Dataset extract:
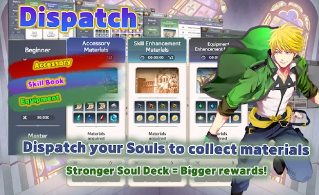 Want to make your Souls unstoppable? Use the Dispatch system to send Souls that have reached a certain level on treasure hunts. Earn crafting materials for equipment upgrades, skill enhancements, and booster tickets to power up your battles. Keep in mind, your rewards will scale with the combat power of the Souls you dispatch.
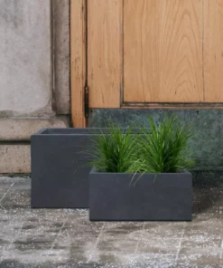 KANTE 31 in. and 23 in. Long Timber Ridge Lightweight Concrete Modern Rectangle Outdoor Planter Set
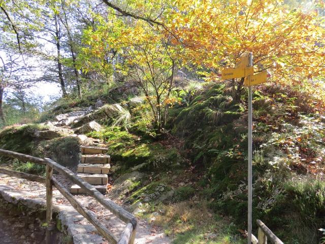 der Abstieg ins Centovalli führt zunächst in östlicher Richtung ebenen Weges aus dem Dorf...

Task to carry out: The whole listing should be restated word for word, with no pictures.

Reply to the task:
 Want to make your Souls unstoppable? Use the Dispatch system to send Souls that have reached a certain level on treasure hunts. Earn crafting materials for equipment upgrades, skill enhancements, and booster tickets to power up your battles. Keep in mind, your rewards will scale with the combat power of the Souls you dispatch.
 KANTE 31 in. and 23 in. Long Timber Ridge Lightweight Concrete Modern Rectangle Outdoor Planter Set
 der Abstieg ins Centovalli führt zunächst in östlicher Richtung ebenen Weges aus dem Dorf...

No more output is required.